2-central implies 4-abelian

Statement

Suppose ${\displaystyle G}$ is a 2-central group: its inner automorphism group is a group of exponent two (i.e., an elementary abelian 2-group), or equivalently, every square element of ${\displaystyle G}$ is in the center.

Then, ${\displaystyle G}$ is a 4-abelian group: the fourth power map is an endomorphism, and hence a universal power endomorphism, of ${\displaystyle G}$. In symbols:

${\displaystyle (xy)^{4}=x^{4}y^{4}\ \forall \ x,y\in G}$

Related facts

• 3-central implies 9-abelian
• 4-central implies 16-abelian
• 6-central implies 36-abelian

Facts used

1. Exponent two implies abelian
2. Class two implies commutator map is endomorphism
3. Formula for powers of product in group of class two

Proof

Straightforward proof with symbol manipulation

Given: A group ${\displaystyle G}$ such that every square element is in the center of ${\displaystyle G}$. Elements ${\displaystyle x,y\in G}$.

To prove: ${\displaystyle (xy)^{4}=x^{4}y^{4}}$.

Proof: We start with ${\displaystyle (xy)^{4}}$ and simplify it in stages

Step no.	New expression for ${\displaystyle (xy)^{4}}$	Justification of how this is obtained from the previous step
1	${\displaystyle xyxy(xy)^{2}}$	expand as ${\displaystyle (xy)^{2}(xy)^{2}}$ and further expand the first ${\displaystyle (xy)^{2}}$.
2	${\displaystyle xyx(xy)^{2}y}$	use that ${\displaystyle (xy)^{2}}$, being a square element, is in the center, hence we can commute it past the right most ${\displaystyle y}$.
3	${\displaystyle xyx^{2}yxy^{2}}$	expand the ${\displaystyle (xy)^{2}}$ from the previous step.
4	${\displaystyle x^{3}y^{2}xy^{2}}$	use that ${\displaystyle x^{2}}$, being a square element, is in the center, so commute it past the ${\displaystyle y}$ to its left. Now, regroup exponents.
5	${\displaystyle x^{4}y^{4}}$	use that ${\displaystyle y^{2}}$ (the occurrence to the immediate right of ${\displaystyle x^{3}}$), being a square element, is in the center, so commute it past the ${\displaystyle x}$ to its right. Now, regroup exponents.

Proof using given facts

Given: A group ${\displaystyle G}$ such that the inner automorphism group of ${\displaystyle G}$ has exponent (dividing) two, i.e., every square element is in the center of ${\displaystyle G}$. Elements ${\displaystyle x,y\in G}$.
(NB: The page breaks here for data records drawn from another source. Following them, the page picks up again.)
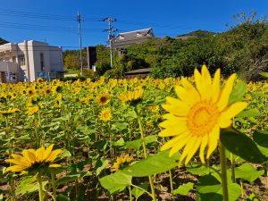 港から本島市民センターへの道沿いに「ひまわり畑」が!!
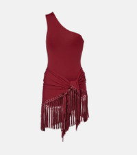 A glamorous option for pool days, this set from Taller Marmo includes two styles in soft jersey: an elegant one-shoulder swimsuit and a beach cover-up trimmed with hand-tied fringes. Product Details - Material: 86% polyamide, 14% elastane - Care instructions: hand wash - Made in Italy - Designer color name: Burgundy - Item color: burgundy - Trim: 100% acetate - Two-piece set - Fringed ends - Includes: dust bag - Item number: P01125909 Size & Fit - True to size - Loose outer layer - Unpadded Top - Medium-cut leg - The model seen in the picture is 178cm-5'10", cup size B, and wearing a size XS
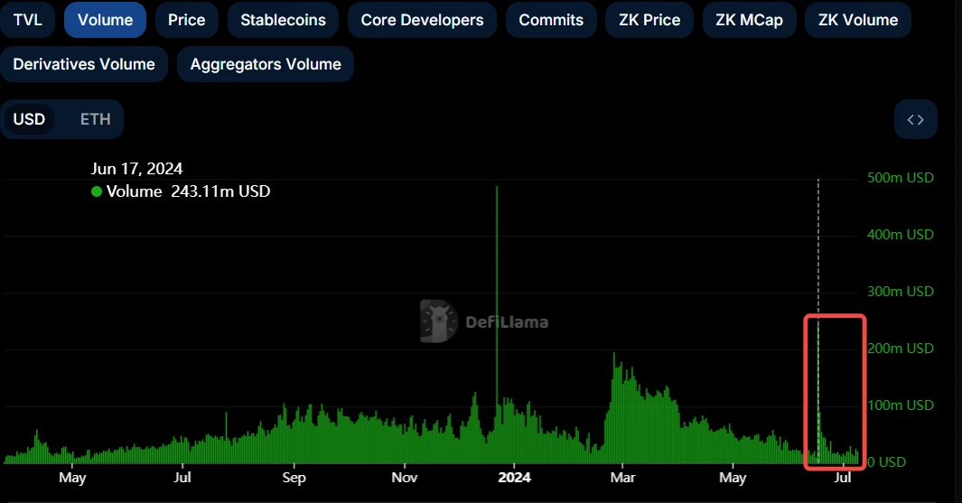 根據 Defillama 的資料,因為領取空投的需求,6 月 17 日 ZKsync Era 網路交易量達到了 2.4 億美元,創下 2024 年最高記錄。但當空投領取完後,日交易量迅速回歸平均水平,也無明顯下跌。
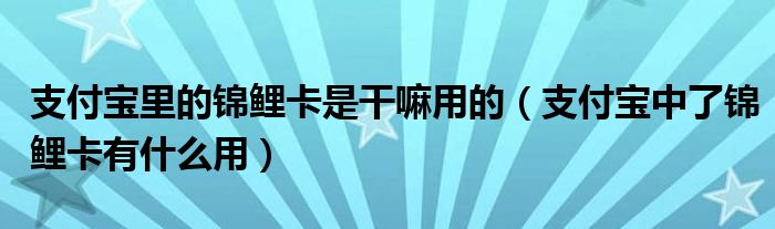大家好,小生来为大家讲解下。支付宝里的锦鲤卡是干嘛用的,支付宝中了锦鲤卡有什么用很多人还不知道,现在让我们一起来看看吧!
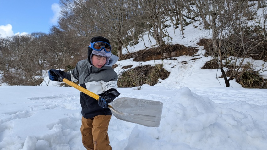 そして、ソリやスコップなどの道具を使って遊ぶ。
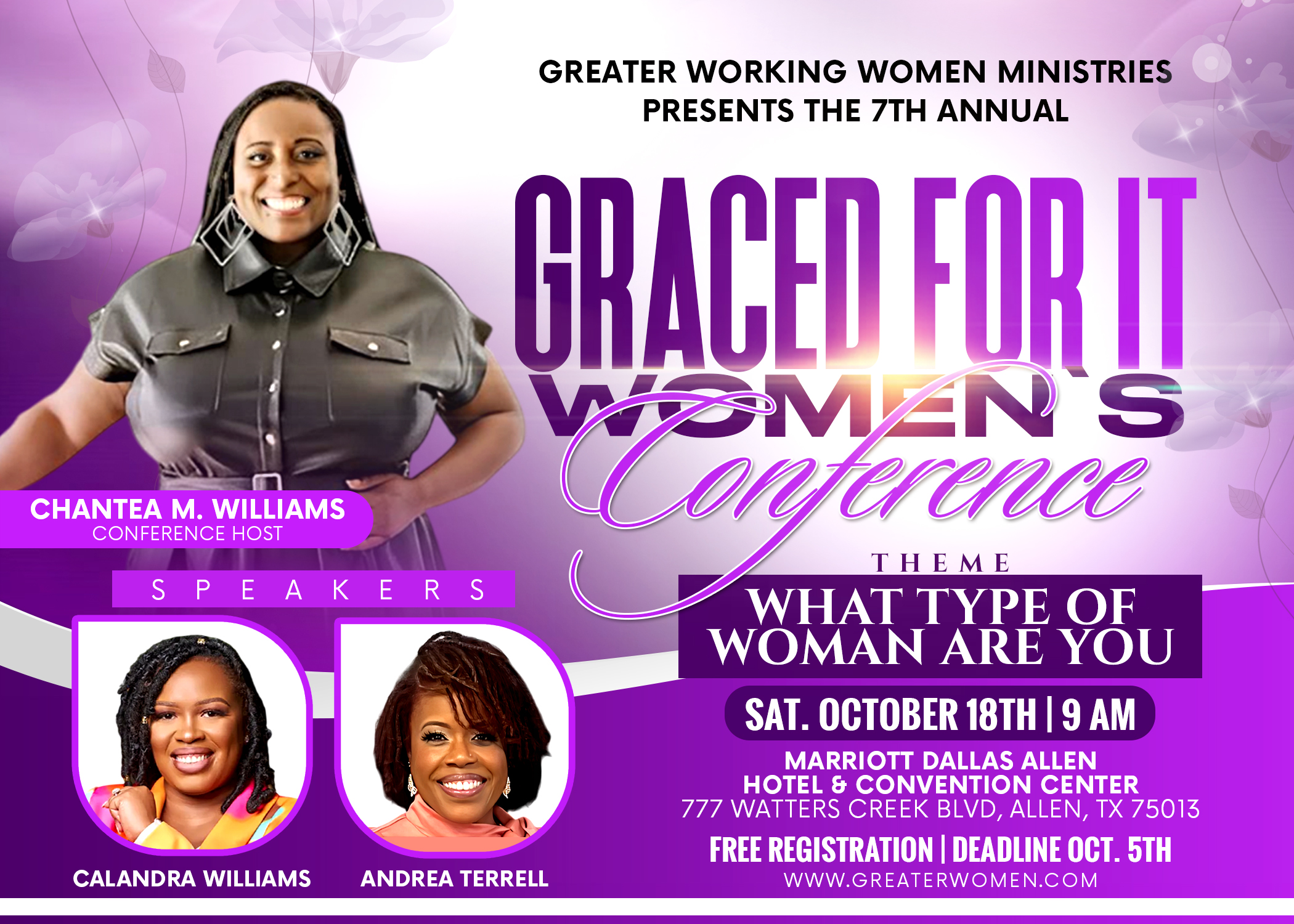 Our 7th annual women’s conference, Graced For It, will be held in TX on October 18, 2025. Our theme is What Type of Woman Are You? Come casual and ready to receive what the Lord has specifically for you! We will have a product table to purchase books, t-shirts, and other items. If you have never experienced the Graced For It Conference, you want to come to year seven! This is the Texas Takeover continuation! There will be no virtual option. You must be in the place! We will be at the Marriott Dallas Allen Hotel and Convention Center in Allen, TX.
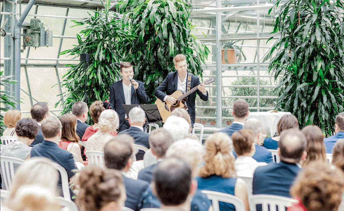 Wir haben Lucca und Timothy in Basel bei einem Strassenkonzert zum ersten Mal gesehen und waren sofort von ihrer Ausstrahlung und ihrem musikalischen Talent begeistert. Die Vorbereitung mit ihnen für unsere Hochzeit war professionell und unkompliziert. Wir durften sogar Liederwünsche anbringen, die sie extra für uns einstudiert haben. Am Hochzeitsfest haben sie durch ihre sympathische und authentische Art zur perfekten Hochzeitstimmung beigetragen. Vielen herzlichen Dank, wir würden euch jederzeit wieder engagieren!
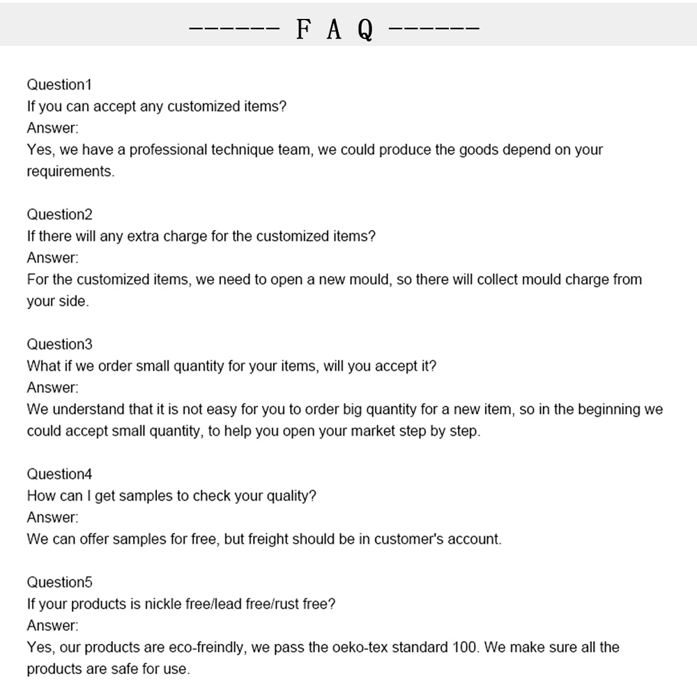 Sample: | Free charge for regular size and color/ Free in stock. | ||||||
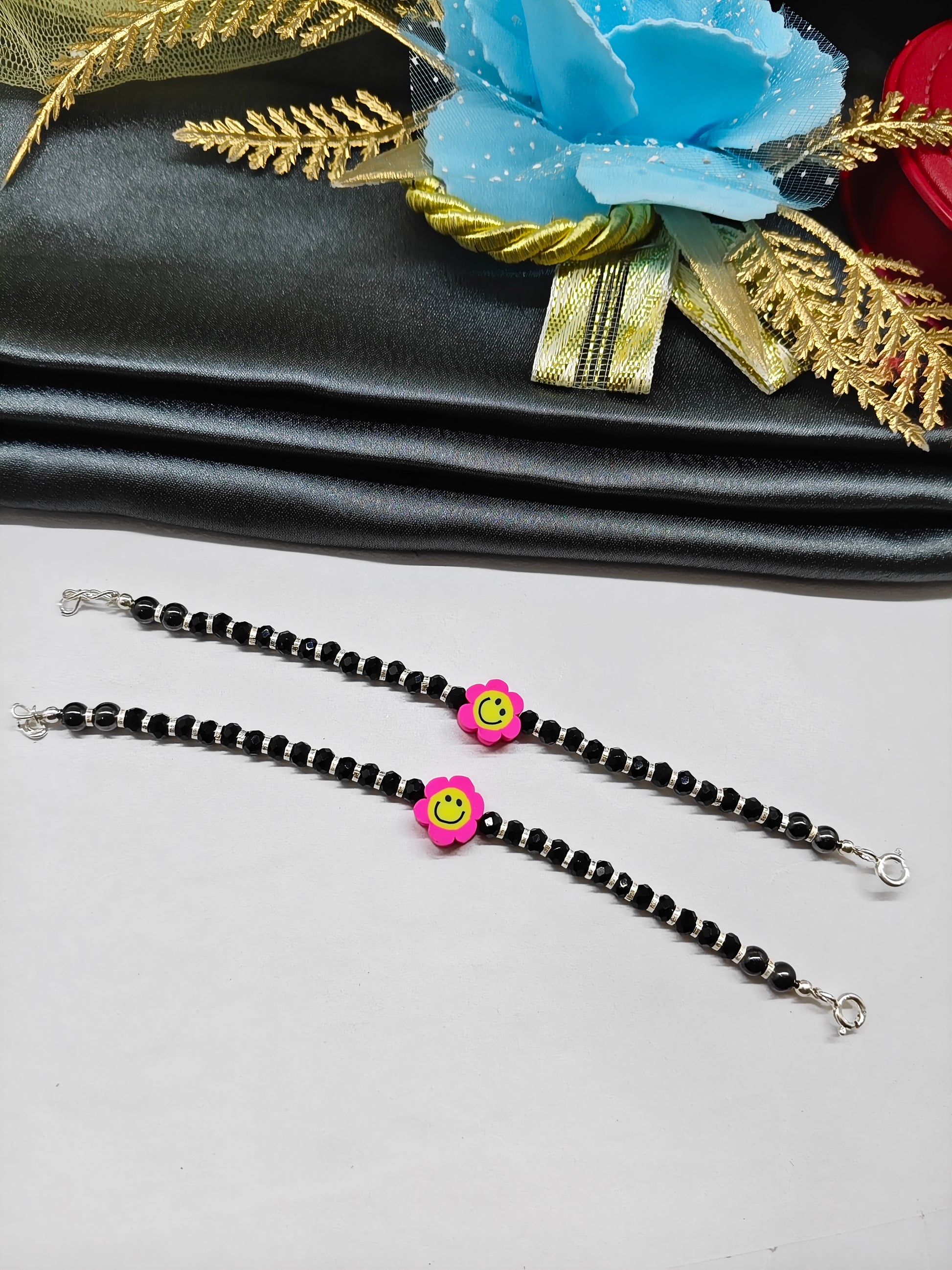 925 Silver Kids Nazariya Silver With Black Beads Rubber Pink With Yellow Sunflower Design Anklet\Bracelet Pair
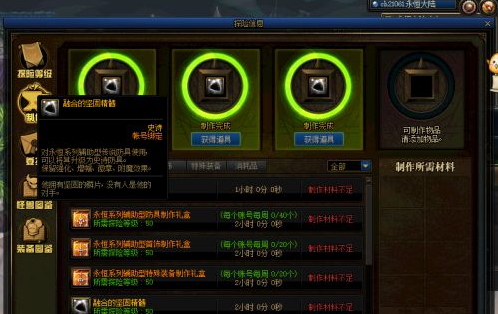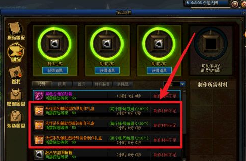 3,使用材料制作永恒大陆功能性传说装备。
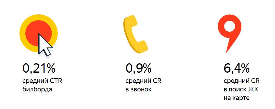 Охватная кампания получила 82% показов. Те, кто кликал на билборды в Навигаторе, хорошо конвертировались в звонки и поиск адресов ЖК на карте: средняя конверсия в звонок составила 0,9%, в поиск ЖК на карте — 6,4%.
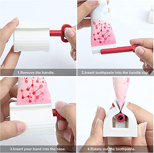 Facile da Usare: Questo spremi tubetti dentifricio con manico girevole, basta inserire il dentifricio nel rullo e ruotare la maniglia, senza più forza, comodo e facile da premere, può essere utilizzato facilmente da bambini e anziani.
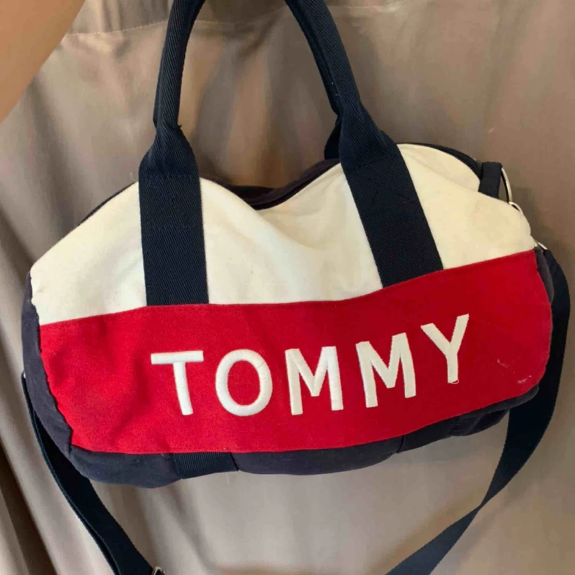 Väska Storlek: 32 cm lång 22 cm hög, 20 cm bred Röd, blå, vit Normalt skick Passa bra för gymmet eller en övernattning
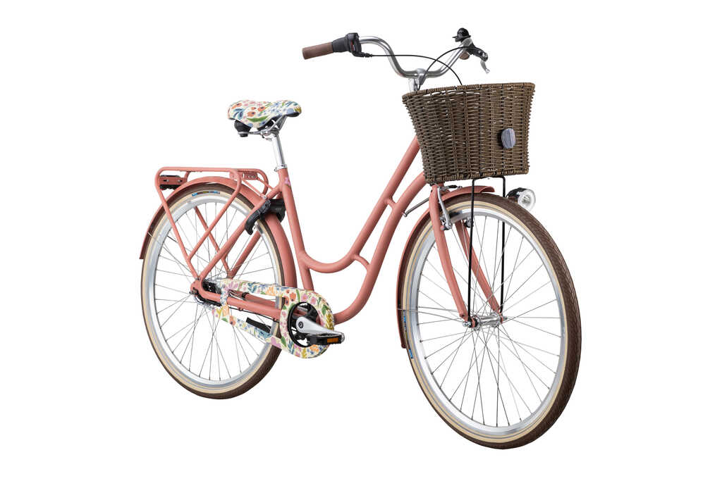 Blommönstrad sadel och kedjeskydd för tankarna till kända inredningsklassiker och bärs upp av en ram i en nedtonad gammelrosa. Matchande däck, handtag och en brun fast monterad korg i konstrotting skapar en elcykel som är något alldeles extra.

To prove: ${\displaystyle (xy)^{4}=x^{4}y^{4}}$.

Proof:

Step no.	Assertion/construction	Facts used	Given data used	Previous steps used	Explanation
1	The inner automorphism group of ${\displaystyle G}$ is abelian, so ${\displaystyle G}$ is a group of nilpotency class two.	Fact (1)	The inner automorphism group of ${\displaystyle G}$ has exponent dividing two.		Given-fact direct.
2	${\displaystyle [x,y]^{2}=[x^{2},y]}$	Fact (2)		Step (1)	Fact-step combination direct
3	${\displaystyle [x,y]^{2}}$ is the identity element of ${\displaystyle G}$.		The inner automorphism group of ${\displaystyle G}$ has exponent dividing two. Put another way, any square element is in the center of ${\displaystyle G}$.	Step (2)	From the given data, ${\displaystyle [x^{2},y]}$ is the identity element of ${\displaystyle G}$. Step (2) thus shows that ${\displaystyle [x,y]^{2}}$ is the identity element of ${\displaystyle G}$.
4	${\displaystyle x^{4}y^{4}=[x,y]^{6}(xy)^{4}}$	Fact (3)		Step (1)	Step-fact combination direct.
5	${\displaystyle x^{4}y^{4}=(xy)^{4}}$			Steps (3), (4)	Step (3) tells us that ${\displaystyle [x,y]^{2}}$ is the identity element, hence we get that ${\displaystyle [x,y]^{6}}$ is also the identity element. Plug into Step (4) to get the conclusion.